«Vous m'avez tout dit ? » demanda Oliver Swayer, le détective privé.
Il était assis en face de John Hellward, dans une petite cellule sombre, aux murs nus et froids, meublée uniquement d'une table et de deux chaises en bois. Le condamné répondit un simple «oui», comme un murmure lointain, triste et douloureux. Le détective l'observa un instant. Son visage s'était aminci, ses traits étaient fatigués, son teint était pâle et ses yeux plus ternes.
« Je suis prêt à mener une enquête minutieuse pour vous aider, monsieur, mais je ne peux rien vous promettre, étant donné...

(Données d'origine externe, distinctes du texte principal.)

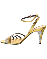 - About the brand: Signature elegance with a modern aesthetic. - Please note: Size selections are European. For US conversions, please reference size chart. - Based on feedback from Members, this brand typically runs small. We suggest sizing up a half size for most styles. - Made in Italy - Ladycrush 85 Leather Sandal in gold, silver and bronze leather and gold-tone hardware with VLogo accent and embellished heel - Adjustable ankle strap with buckle closure - Lightly padded leather insole - Smooth leather sole - 3.75in heel - Please note: All measurements are approximate and were taken from a size 37; slight variations may occur. - Our products are 100% genuine. In some cases we purchase merchandise from trusted independent suppliers and not directly from the brand owner. In all cases we stand by the authenticity of every product sold on our site.

- ... les circonstances particulières qui vont faire de moi un cadavre languissant au bout d'une corde perfide et justicière d'ici quelques heures, acheva le jeune homme. Je sais tout cela, monsieur le détective, et je ne vous demande rien. Je n'ai plus rien, à part les mots, et ne demande pas qu'on me sauve, tant je sais que c'est chose impossible. Ma femme espère trop de vous. Ne l'écoutez pas. Elle ne veut pas voir les choses en face, elle a peur.
- J'ai entendu dire que vous alliez divorcer...
- En effet, tout était presque en ordre.
- Si je puis me permettre, elle semble encore vous aimer !
- Ah oui ? répondit distraitement Hellward. Peut-être, je ne sais pas. Tout cela n'a plus aucune importance à présent.
- Qu'est ce qui vous a amené à décider le divorce ?
- Tout me semble si confus, maintenant, que je ne trouve plus de raisons valables... Je crois que c'était une question de confiance absente, d'amour qui diminuait... Nous ne formions pas la bonne paire, si vous me permettez l'expression. Nous nous en sommes rendu compte trop tard.
- Et qui est le jeune homme, Harry Slowen, je crois, qui était au tribunal le jour de l'audience, accompagnant votre femme ?
- Un de ses amis d'enfance. Harry est un homme bien, très aimable, mais... peut-être un peu trop. Cela ne m'étonnerait pas du tout qu'après ma mort, il se tourne vers elle et la demande en mariage, ajouta Hellward en souriant.
- Je vois... Et en ce qui concerne l'héritage ?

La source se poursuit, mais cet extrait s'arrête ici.